Because of the volume of calls that can be handled by automated call processing platforms there are some special considerations that apply to them. They will be covered later.

The first issue that must be considered is which voice services are going to be extended over the data network. Second, a reasonably detailed model of the traffic expected for each of the supported voice services must be developed. It is also important that the data traffic be studied and a model developed. When both models are available, they should be combined to give a total view of the expected network load.

The third step is to complete a preliminary network design based on the converged model. Add layers and network routing elements as appropriate to the size of your organization.

Next is to perform an assessment of the existing network infrastructure. Some important things to do are:

  • Any hubs in the network should be retired or placed where they will not carry voice traffic. Hubs create a collision domain that spans every port on the hub, and more if hubs are interconnected together. As network traffic across a hub ebbs and flows, voice packets will be involved in collisions. As they are, the retry logic of Ethernet will automatically introduce jitter into the voice stream. Except in the very smallest of networks, hubs will not provide the performance for quality voice.
  • Assess the capabilities of the existing layer-two switches. Consider replacing any that are unmanaged. Good network monitoring is a key to keeping a VoIP system running smoothly.
  • Become aware of layer two switches that lack QoS and VLAN capabilities. In the case of switches that lack QoS services, if either a telephony access node or a WAN link router is going to be connected to such a switch, be sure that the missing service is available in the devices being connected. So for instance, the telephony access node should have jitter buffering and perhaps header compression, whilst the WAN link router should have the full suite of QoS mechanisms discussed above.
  • Upgrade any layer 3 switches that lack QoS mechanisms and the latest routing protocols, particularly those that can quickly compensate for routing element failures like OSPF.

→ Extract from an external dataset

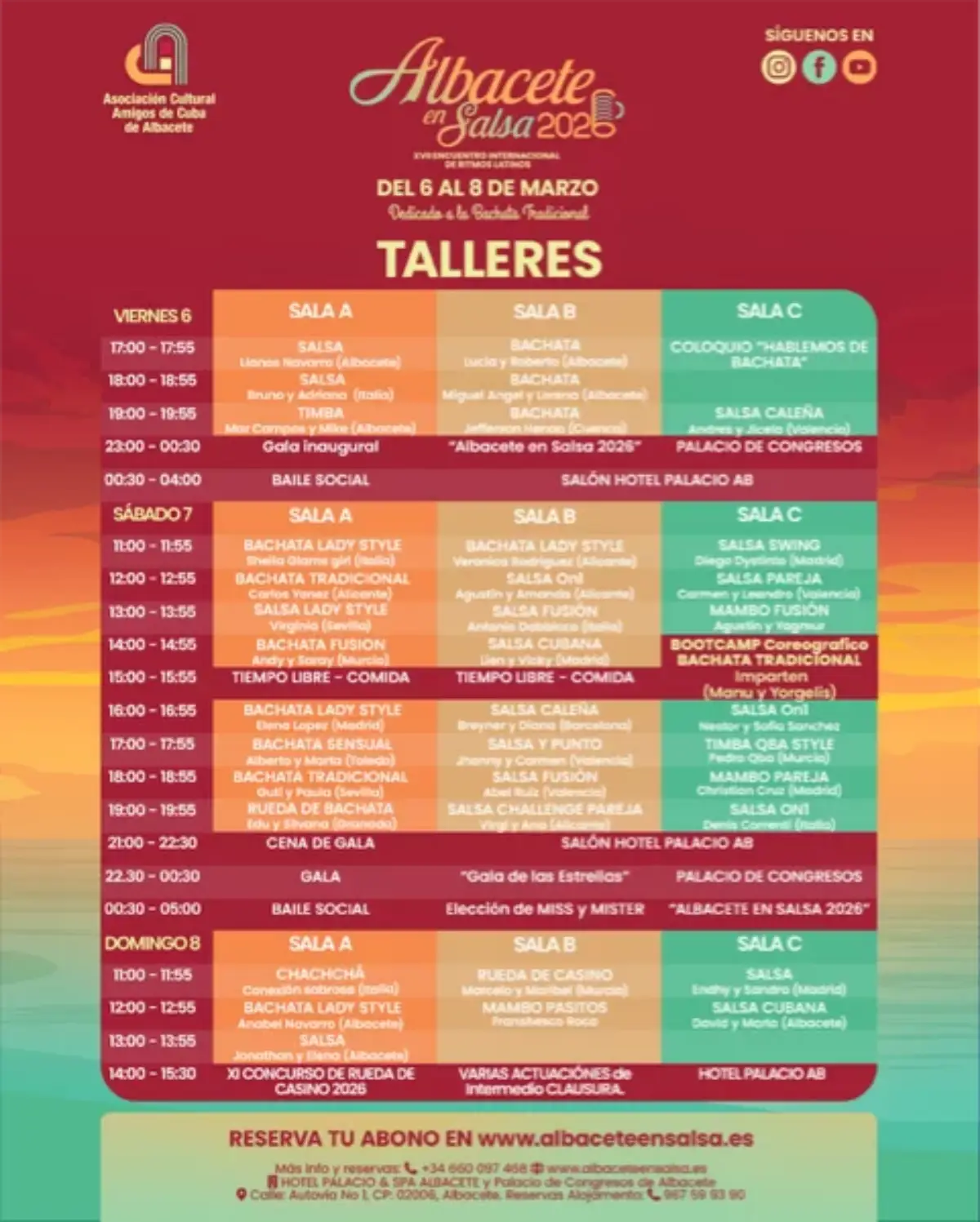 Puedes consultar toda la programación de esta cita con los ritmos latinos y precios para asistir a los diferentes talleres y espectáculos en el siguiente enlace.

The fifth step is to reassess the preliminary network design to incorporate or remove suspect elements identified in step four. At this point you are in a position to complete the requisite financial and business planning processes necessary in your enterprise to upgrade old devices and procure the new devices. Before wrapping up, the automated call processing platforms bear some discussion. Many of these platforms either come complete with, or specify that they should be installed on their own dedicated network. Consider a system that is capable of processing 2688 calls. All calls are routed through the telephony access node across an IP network to the processing point. As long as the calls are being serviced by the automation, there is absolutely no reason to inject that call onto your enterprise network. Treating the entire call-processing platform as a telephony access node means that you will not need to build up your enterprise network to service those calls. The overall network design can be smaller and less expensive because of that. Creating a multi-service network requires the consideration of many more factors than was necessary to build a data network. Additionally, running a multi-service network is not only more complex, but it requires better supervision. In the end, however, having a converged voice and data network will allow the consolidation of staff and the elimination of old telephony and data networking devices. In the end, VoIP should be able to give quite attractive ROIs to businesses in addition to providing new and enhanced services to the enterprise.